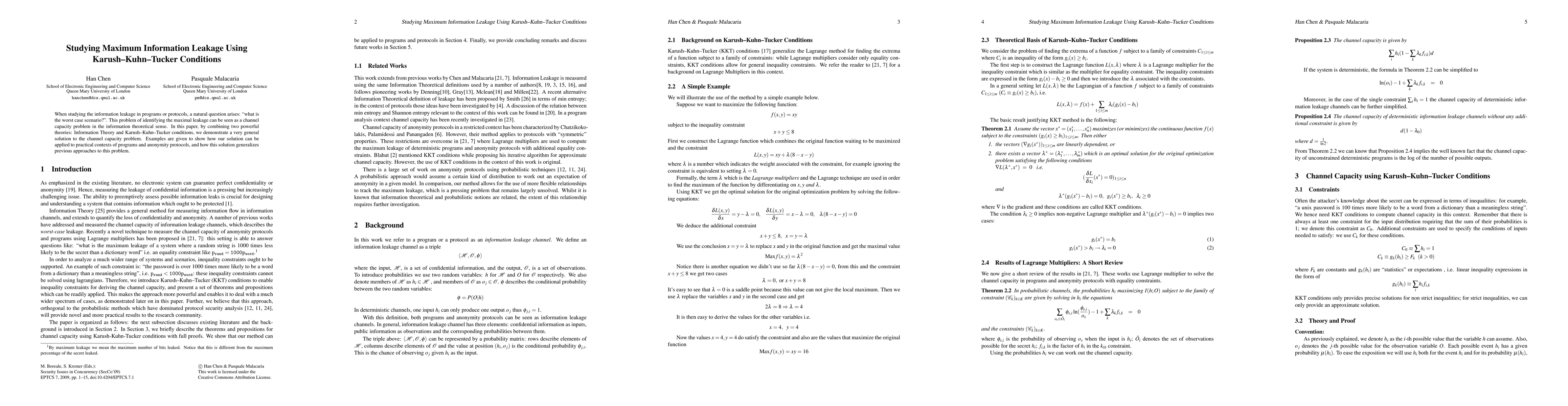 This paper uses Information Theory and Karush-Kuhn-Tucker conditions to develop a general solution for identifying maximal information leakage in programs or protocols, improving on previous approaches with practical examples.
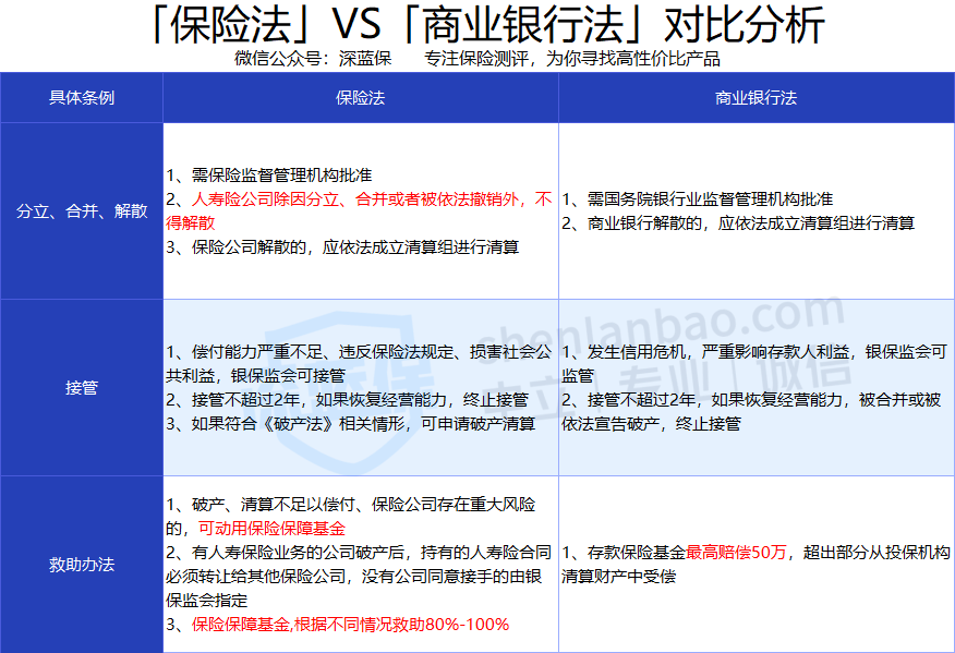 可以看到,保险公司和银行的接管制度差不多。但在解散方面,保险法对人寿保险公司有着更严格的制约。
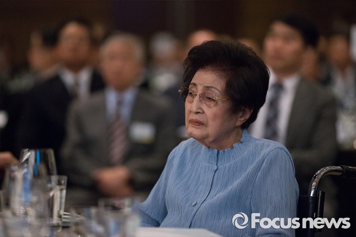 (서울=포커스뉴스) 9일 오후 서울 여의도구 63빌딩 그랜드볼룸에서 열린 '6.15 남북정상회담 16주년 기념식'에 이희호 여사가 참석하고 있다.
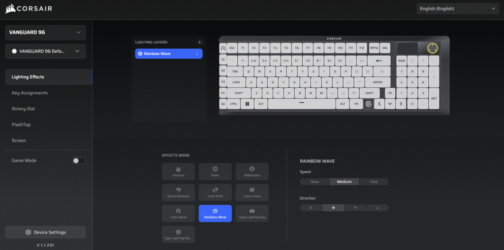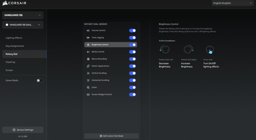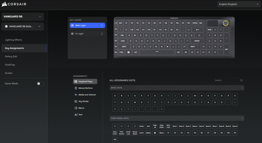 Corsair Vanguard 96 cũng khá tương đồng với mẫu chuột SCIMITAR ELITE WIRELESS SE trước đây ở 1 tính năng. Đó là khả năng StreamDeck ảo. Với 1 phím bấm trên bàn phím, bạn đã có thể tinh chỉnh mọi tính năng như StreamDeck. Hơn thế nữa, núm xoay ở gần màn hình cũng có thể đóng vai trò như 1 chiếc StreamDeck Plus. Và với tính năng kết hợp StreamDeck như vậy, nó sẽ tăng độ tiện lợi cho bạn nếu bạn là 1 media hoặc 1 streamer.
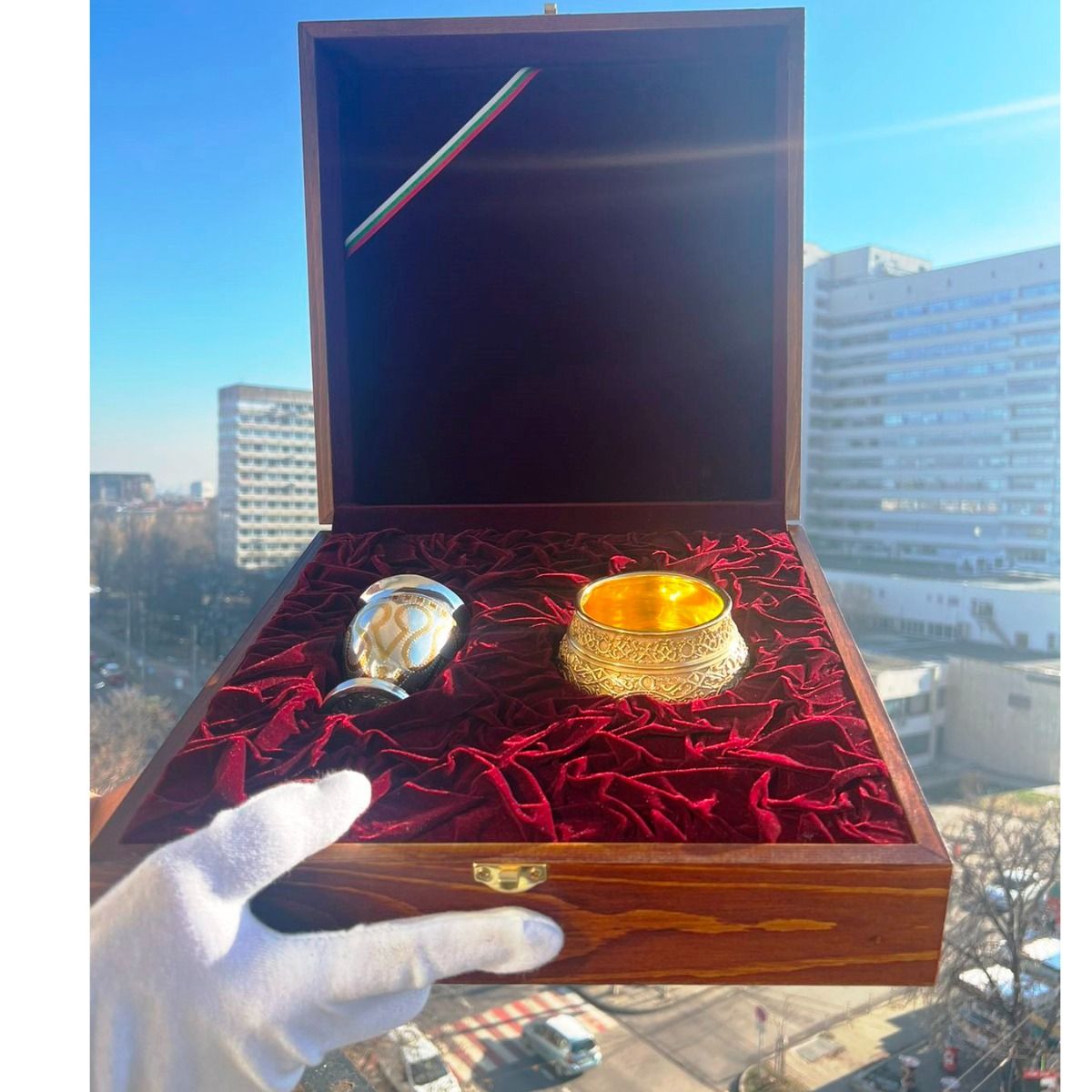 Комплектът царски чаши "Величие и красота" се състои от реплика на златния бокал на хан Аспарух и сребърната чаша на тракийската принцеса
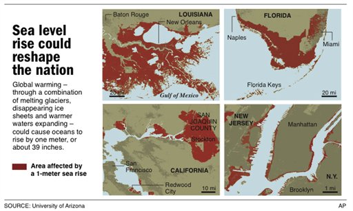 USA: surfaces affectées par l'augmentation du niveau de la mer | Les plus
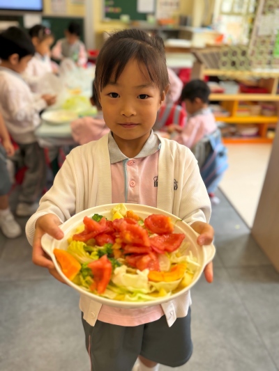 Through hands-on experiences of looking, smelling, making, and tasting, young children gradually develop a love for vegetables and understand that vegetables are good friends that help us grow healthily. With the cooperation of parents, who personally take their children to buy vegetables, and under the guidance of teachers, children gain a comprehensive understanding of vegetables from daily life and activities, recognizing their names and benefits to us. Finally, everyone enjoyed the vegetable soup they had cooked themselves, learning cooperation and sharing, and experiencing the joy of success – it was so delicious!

....................

Repeat all entries exactly. Skip the pictures.

 This paper uses Information Theory and Karush-Kuhn-Tucker conditions to develop a general solution for identifying maximal information leakage in programs or protocols, improving on previous approaches with practical examples.
 可以看到,保险公司和银行的接管制度差不多。但在解散方面,保险法对人寿保险公司有着更严格的制约。
 (서울=포커스뉴스) 9일 오후 서울 여의도구 63빌딩 그랜드볼룸에서 열린 '6.15 남북정상회담 16주년 기념식'에 이희호 여사가 참석하고 있다.
 Corsair Vanguard 96 cũng khá tương đồng với mẫu chuột SCIMITAR ELITE WIRELESS SE trước đây ở 1 tính năng. Đó là khả năng StreamDeck ảo. Với 1 phím bấm trên bàn phím, bạn đã có thể tinh chỉnh mọi tính năng như StreamDeck. Hơn thế nữa, núm xoay ở gần màn hình cũng có thể đóng vai trò như 1 chiếc StreamDeck Plus. Và với tính năng kết hợp StreamDeck như vậy, nó sẽ tăng độ tiện lợi cho bạn nếu bạn là 1 media hoặc 1 streamer.
 Комплектът царски чаши "Величие и красота" се състои от реплика на златния бокал на хан Аспарух и сребърната чаша на тракийската принцеса
 USA: surfaces affectées par l'augmentation du niveau de la mer | Les plus
 Through hands-on experiences of looking, smelling, making, and tasting, young children gradually develop a love for vegetables and understand that vegetables are good friends that help us grow healthily. With the cooperation of parents, who personally take their children to buy vegetables, and under the guidance of teachers, children gain a comprehensive understanding of vegetables from daily life and activities, recognizing their names and benefits to us. Finally, everyone enjoyed the vegetable soup they had cooked themselves, learning cooperation and sharing, and experiencing the joy of success – it was so delicious!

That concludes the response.